Answer
The stability location of the electron is at x = 0 & this corresponds to an unstable equilibrium.
Work Step by Step
$U(x)=ax^{2}-bx^{4}-(1)$
Equilibria occur where the potential energy has a maximum or minimum - that is, where its derivative is zero. Taking the derivative of U(x) & setting it to zero gives,
$0=\frac{dU}{dx}= 2ax-4bx^{3}=2x(a-bx^{2})$
$x=0$
$\space\space\space or$
$a-2bx^{2}=0$
$x=\pm \sqrt {\frac{a}{2b}}$ ; Let's plug known values into this equation.

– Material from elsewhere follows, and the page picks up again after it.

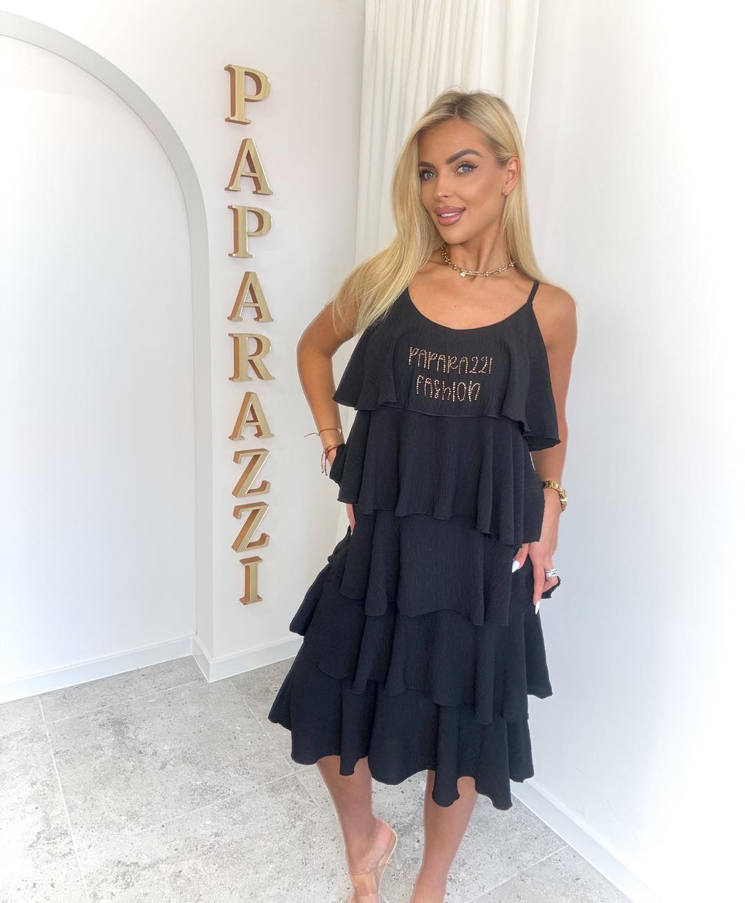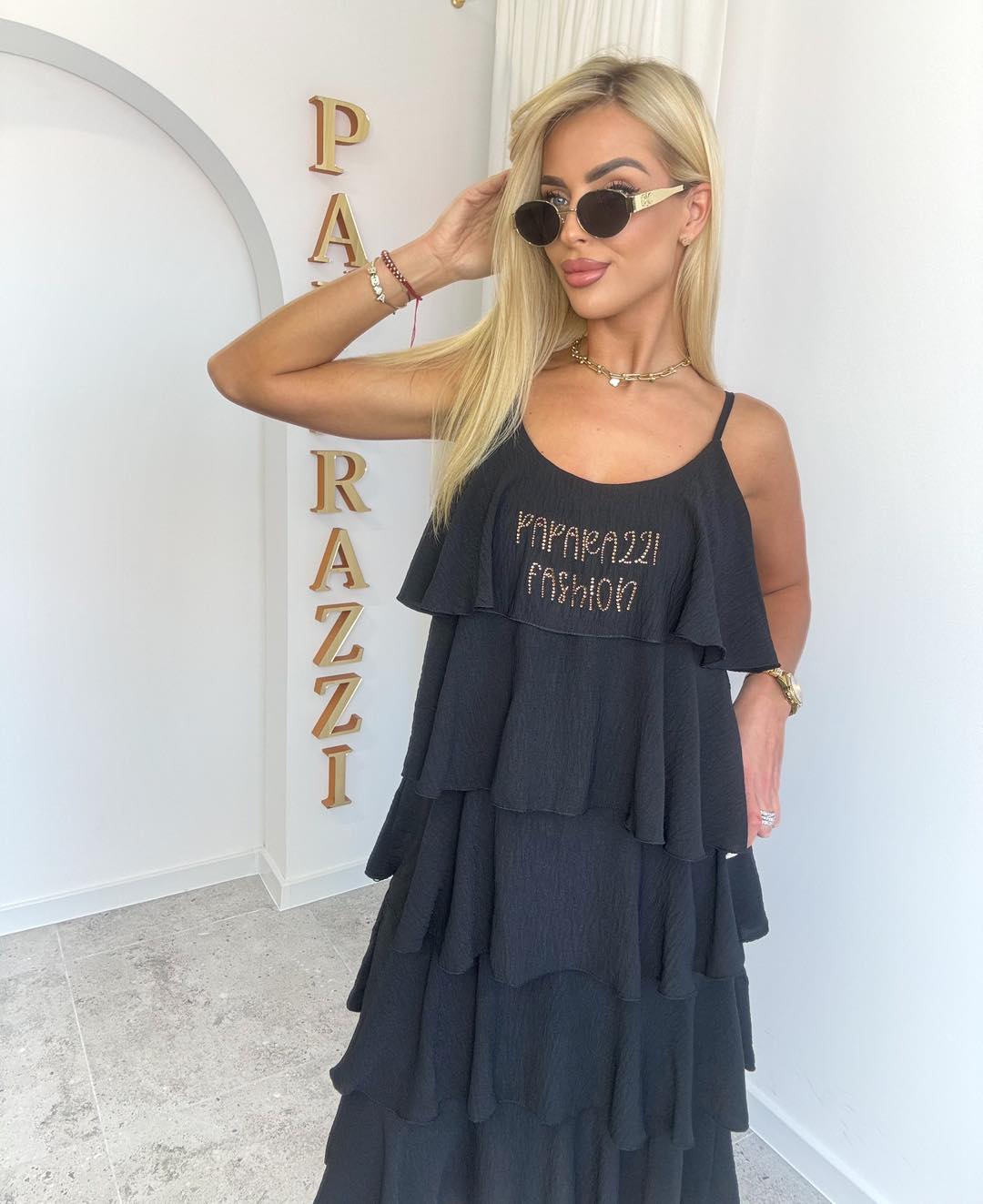 Lekka, kobieca sukienka o wyjątkowo romantycznym charakterze. Model na cienkich ramiączkach z efektownymi, kaskadowymi falbanami, które pięknie układają się w ruchu i dodają sylwetce lekkości. Delikatny, zwiewny materiał sprawia, że sukienka jest idealna na ciepłe dni – zarówno na co dzień, jak i na specjalne okazje.

$x=\pm\sqrt {\frac{-8\space aj/nm^{2}}{1\space aj/nm^{4}}}= \pm \sqrt {-8}\space nm$
This is not a real number. So this solution should neglect.
Therefore the location of the stability is x = 0
Let's find the value of $\frac{d^{2}U}{dx^{2}},$ to find the state of equlibrium.
$\frac{d^{2}U}{dx^{2}}=2a-12bx^{2}=-16\space aj/nm^{2}-12x^{2}\space aj/nm^{4}$
This value is negative for all x values ; $\frac{d^{2}U}{dx^{2}}\lt0$
So this corresponds to an unstable equilibrium